Maybe that's where the confusion about what is design has come from. Before the 1980's design meant adhering to an aesthetic that made things easier to read, understand or use. Innovation meant that a business would integrate design in a new way, not design something differently (I feel the urge to cite the great Paul Rand "Don't try to be original, just try to be good."). When Postmodernism came around it was more important to give the consumer choice, superfluous as it was choice meant the demand for a designer to become more like an artist, often creating things that were useless to the function of something but meant that the user could customise it how they wished. Venturi's 'less is a bore' became the mantra of the day and we got sweapt up in creating goods that resembled art as opposed to design. This is my problem with the responses in 'What's Next', they don't seem to adhere to what is good design, they seem to try to answer the question without a grounding in function. Garry Emery essentially says what's next isn't anything we've seen before; what's next in his response is dictated by the inventions of the future, which is a good as saying 'I don't know what's next'.

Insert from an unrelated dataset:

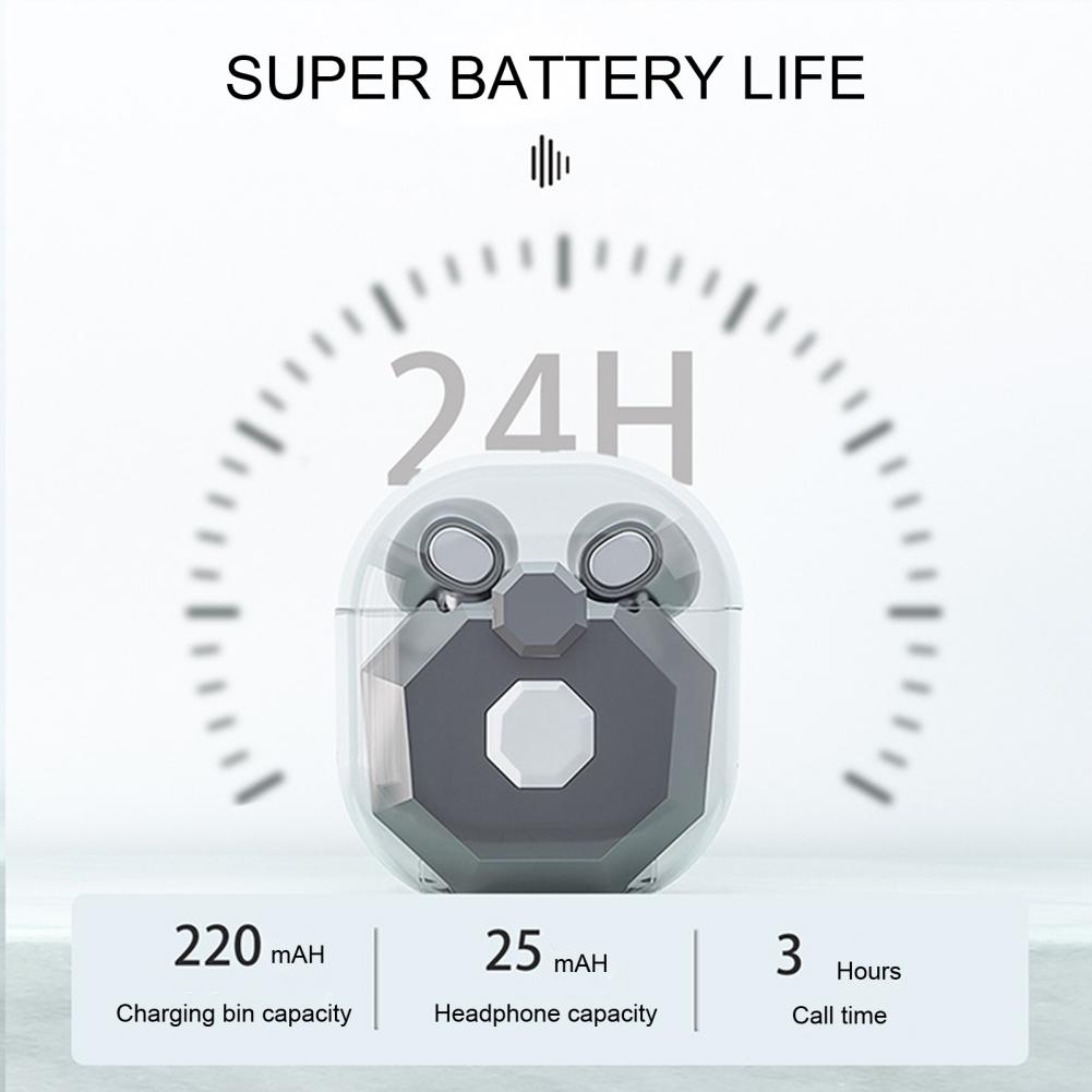 2Pcs Nano3 Wireless Earbuds In-ear Touch Control Noise Reduction Waterproof Transparent Bluetooth-compatible TWS Earphones for Gaming

We should be answering this question rather simply - what's next is more work. In the spirit of Paul Arden we should be sharing the ideas that we have of new ways to ingrate design and business. What's next will after all be what's builds business better in terms of design. This sharing is going on, it's on Landor Associates and Interbrands websites, they discuss businesses moving into social media and brands becoming more personalised. What's next for them is what builds brands better. This however is answering what's next in terms of design and business, not just the realm of Graphic Design, however many of the responses overlap. So then what is actually next for Graphic Design.

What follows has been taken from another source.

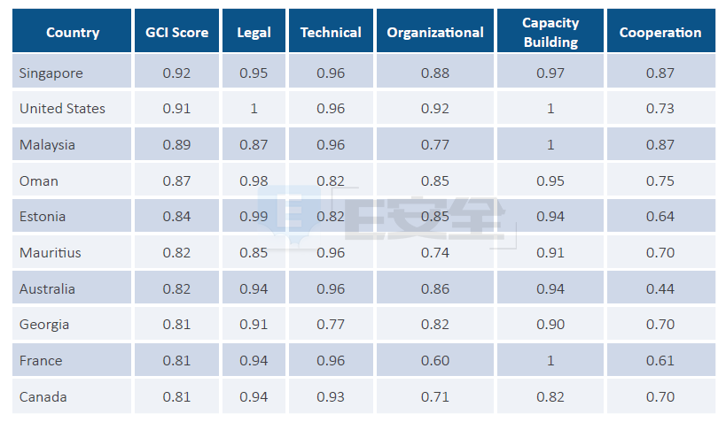 国际电联根据以下5方面因素对各国网络安全进行打分排名:

I'm relieved to be optomistic about this, as we seem to be taking a turn back towards modern sensitivities. Today the most successful computing company is driving this, Apple are heavily rooted within restricting the consumer to preserve functionality and their modern design aesthetics seem to preach to the consumer that this is better. Research entrenched design philosiphies seem to be getting greater recognition also, when we live in a society that demands the consumer know so much it is becoming more important to say your message clearly, or it might as well be not said at all. Of course the future of our graphic design aesthetics are heavily influenced by the technological innovations of the printer, we have already discovered the swiss grid, a mathematical model for layout and our own intuitive design sensibilities for creating layouts, what's next depends on what happens within the realm of the paper merchant, printers and digital media. The shift towards digital media means that greater demand for user interface design will be created, it is natural for the Graphic and Industrial Designers to shift into this field, as our knowledge in user centered aesthetics are a natural fit. MIT and Natan Linder are creating user interfaces that fit into lightbulbs and augmented reality is becoming todays consumers reality. This is where the jobs will be and probably where we'll end up. Essentially user centered aesthetic principles will guide what's next, if we find anything that's easier to use, that's probably what's going to change things aswel.
Of course much of this is mere speculation. I feel however a sense that as Graphic Designers we are forgetting what it is that we do, we don't engineer new creations, that's what an engineer does, we don't build sculptures or paint paintings, we may do this whilst calling ourselves Graphic Designers, but while we are doing those activities we are playing the roles of those fields. When an actor sits down to write a book, we don't call what they're doing acting, we call it writing. Graphic Designers today need to bear this in mind and remember that our role is to co-operate with business and unify their creations, on top of this we can adopt new technologies to design within, but what is essential to designing is the unification of business and mass-production.